Miners blame illegal firms
The Chamber of Mines of the Philippines (COMP) said illegal miners who take up half of the country’s gold production should be taxed to death by President Duterte.
“We see the President’s point and his frustration as to why we are not getting a bigger share from mining. We can blame the illegal mines. They account for half but they do not actually pay,” COMP legal and policy head Ronald Recidoro told The STAR. “The way we see it and if we read between the lines, mining companies should give government its fair share, to give all affected stakeholders their fair share. And that has been our call and request ever since.”
Recidoro maintained that the President might not be distinguishing the legitimate miners from the illegitimate ones as the former are compliant with laws and regulations.

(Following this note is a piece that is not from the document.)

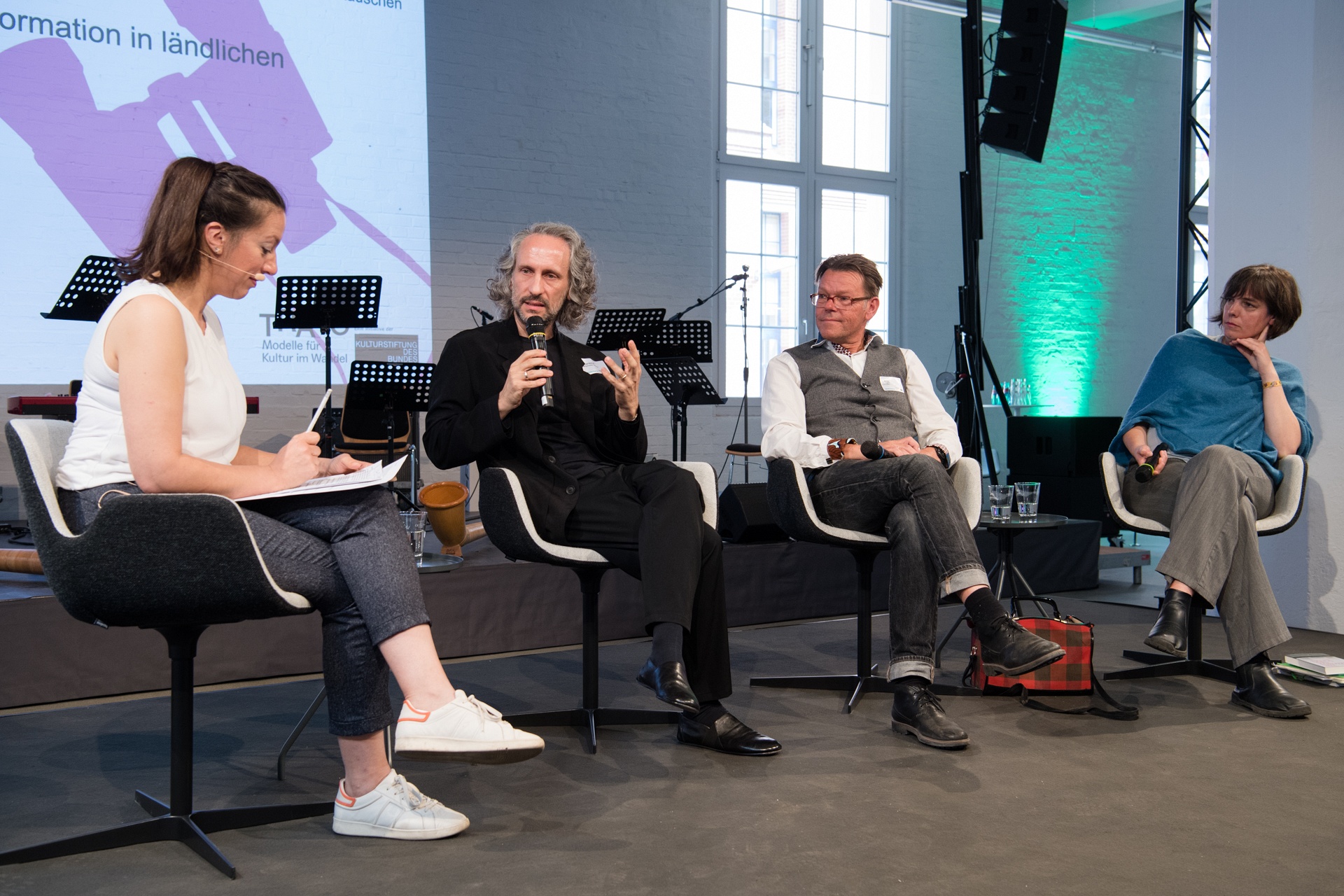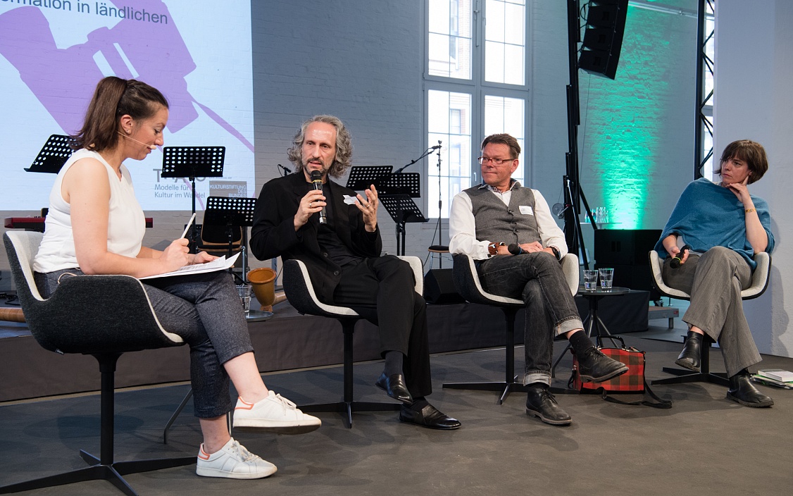 Podium "Kultur gestaltet Veränderung?", v.l.n.r: Moderatorin Ellen Schweda, Prof. Daniel Kühnel, Ton Matton, Dr. Julia Gabler.
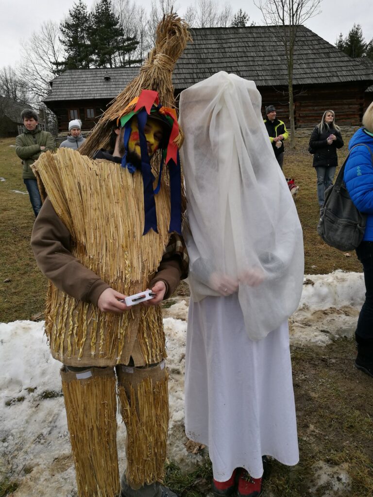 Slameníka – postavu obmotanú slamou, ktorá predstavovala úrodu a bohatstvo.

“Our problem is really the very poor enforcement of the law. A lot of of small-scale miners are not being taxed. The call should be to enforce the law,” he said.
“He is right to demand that mining operations be responsible. There is no place for irresponsible mining or irresponsible citizenship, individual or corporate, in the Philippines. He said he will tax if the industry doesn’t clean up. He should close down the irresponsible ones,” Nickel Asia Corp. corporate communications vice president JB Baylon said.
The chamber maintained that it will have to review whatever proposal there will be but emphasized that higher taxes should be imposed on illegal and illegitimate mining operations.
“If government wants a higher stake, we can explore that. But we should avoid the tax percentage that will kill the industry, particularly the legitimate ones,” Recidoro said.
“We will really have to study it. There are several kinds of mining in the industry. The tax regime is different per kind of mining process,” he added.
Listed Global Ferronickel Holdings Inc. president Dante Bravo noted that the industry is already heavily taxed, including 30 percent regular corporate income tax based on taxable income and five percent royalties on mineral reservation based on gross sales.
“We are paying other taxes like customs duties, value added tax and documentary stamp tax. We also remit withholding taxes on compensation, fringe benefits tax, expanded withholding taxes on purchases of goods and services, dividends tax on declaration of cash and property dividends, final tax on interest on loans, final tax on royalties on softwares used and other final taxes. Sum them all up, the current tax regime on the industry is already so heavy,” Bravo said.